To establish loyalty is to maintain allegiance to the friendship. If you can’t maintain your strength I will step in to guard you and show out for you. Often people confuse this with being there and enabling bad behavior; that’s a fallacy of the trait. 

Accountability is core to the friendship. A friendship cannot develop and flourish if you can’t admit your flaws in the friendship and remedy them. You have to stand and own your shit and apologize if you’ve tainted the friendship. 


*Self-reflection

Different chapters in my life have propelled me to be the enabler, the ideal, the teacher, and the bff. 

I’ve been that enabler friend that has enjoyed getting into crazy shit, rationalized it that if I influenced others to hop on to my sinking ship with me; at least we’ll sink together but we’ll have fun drowning. That was definitely a moment in my life when I only lived in the “now”. I had negative behavioral patterns that I often advertised as unpredictable and joyful.  I encouraged people to join into my life of poor choices in hopes we’ll live through some wild shit together, and we did, and sometimes we paid for it in unforeseeable ways. Sometimes I got resistance from my friends where some logic crept in them and then I’ll say something to the effect “Did you have fun? Did you die? So then what’s the problem! Man the fuck up”.  As a teenager, there was no greater danger than me and my ego, being the enabler friend that I was,  I put my people in unsafe situations. I feel remorse for those friendships that I have tainted and as an adult that’s a hard pill to swallow.  
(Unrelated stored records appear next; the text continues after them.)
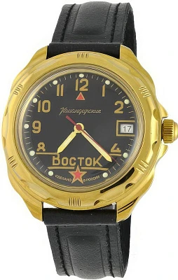 <b>Мужские наручные часы Восток Командирские 219524.</b> Механические с ручным подзаводом. Корпус изготовлен из высококачественной часовой латуни с высокими антикоррозийными свойствами. На стрелки и отметки нанесен светонакопительный состав, благодаря этому считывать информацию с циферблата возможно и в темноте. На циферблате отображается текущее число месяца. Ремешок изготовлен из кожи. Прочное, устойчивое к царапинам минеральное стекло защищает часы от повреждений.Часы являются водонепроницаемыми до 3 Бар. Цвет корпуса: Желтое золото. Цвет циферблата: Черный. Ширина (с заводной головкой): 40мм. Толщина: 10мм. Гарантия: 1 год.
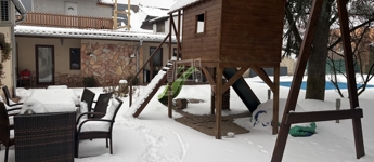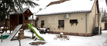 A gondozott nagy méretű kertben levő kerti búbos kemence, és a sütögető kiváló helyszíne a kikapcsolódásnak.
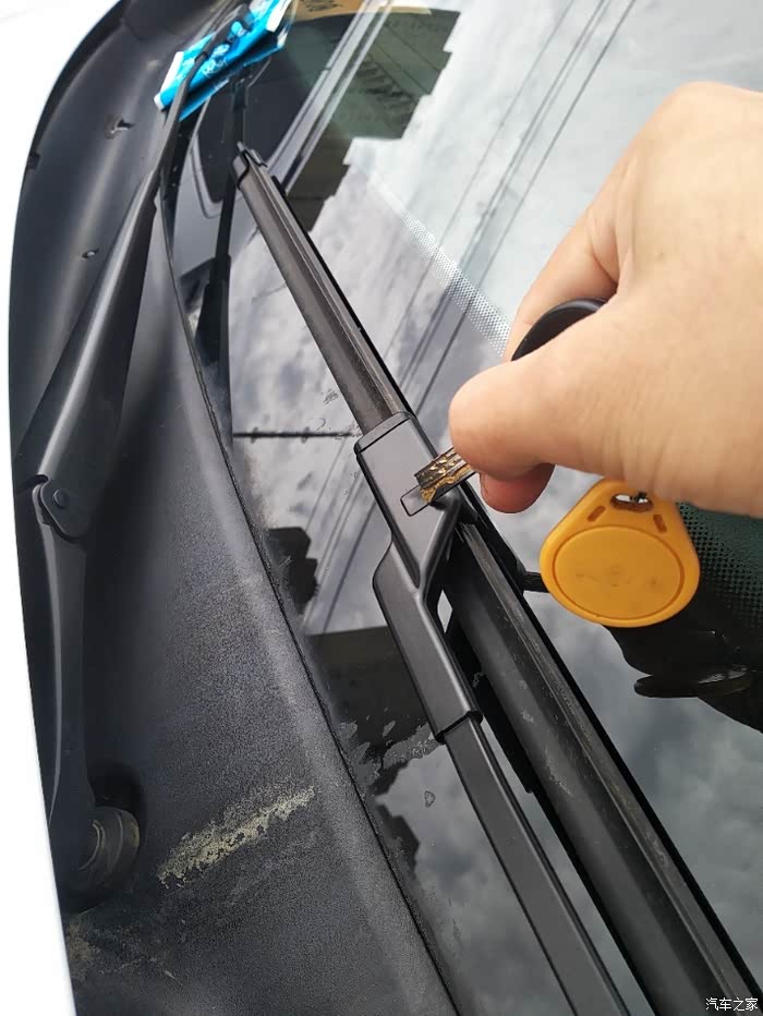 接下来就开始把大白的原车雨刷片拆下来
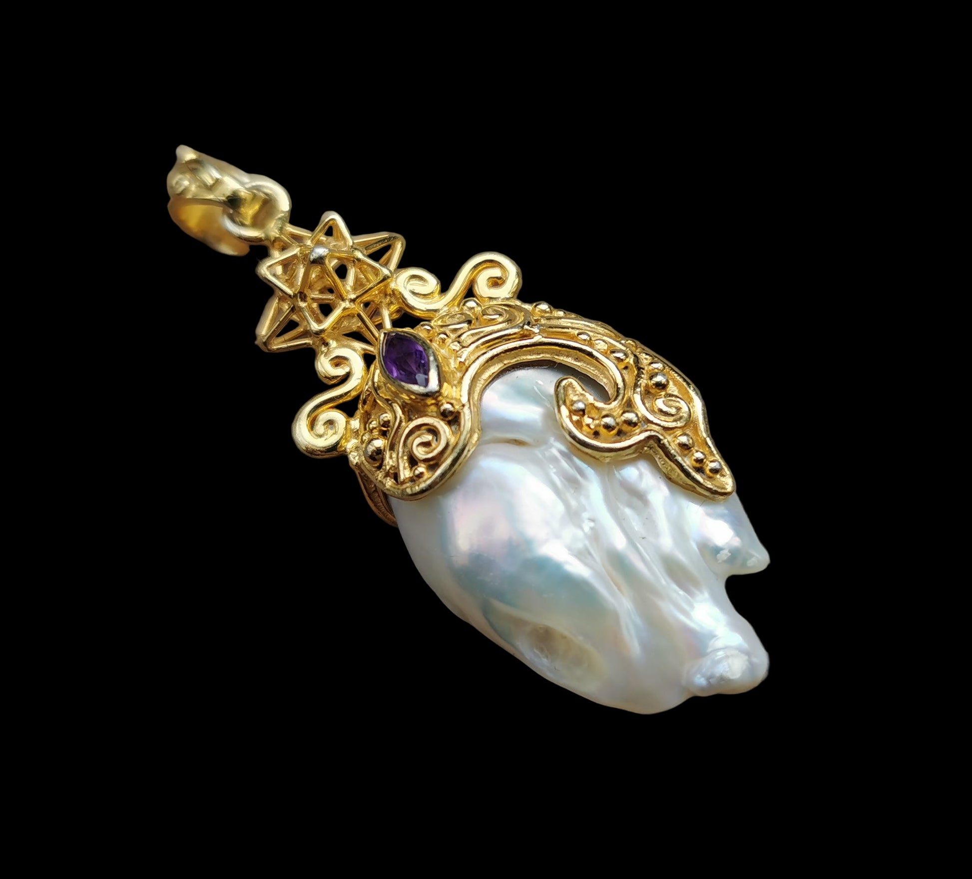 Ref.PD1098 - Gold plated on silver pendant with Heart Star geometry, South sea's pearl, and amethyst gemstone.

But through trial and error, life-changing events, karmic moments, and personal growth I’ve learned that time is limited and that friendships are reciprocal and sacred. Not everyone has your best interest at heart, we are all flawed in different ways, but it’s about finding people who can genuinely allow you to feel discomfort, love, and consistency, that is what propels friendships.


Take Inventory of Yourself:

So, what type of friend are you?

How do people perceive you?

What behavioral patterns can you identify in yourself, are they detrimental or beneficial?

How many friends do you have?

Are these people really your friends?

What binds your friendships?

How long have you been invested in these friendships?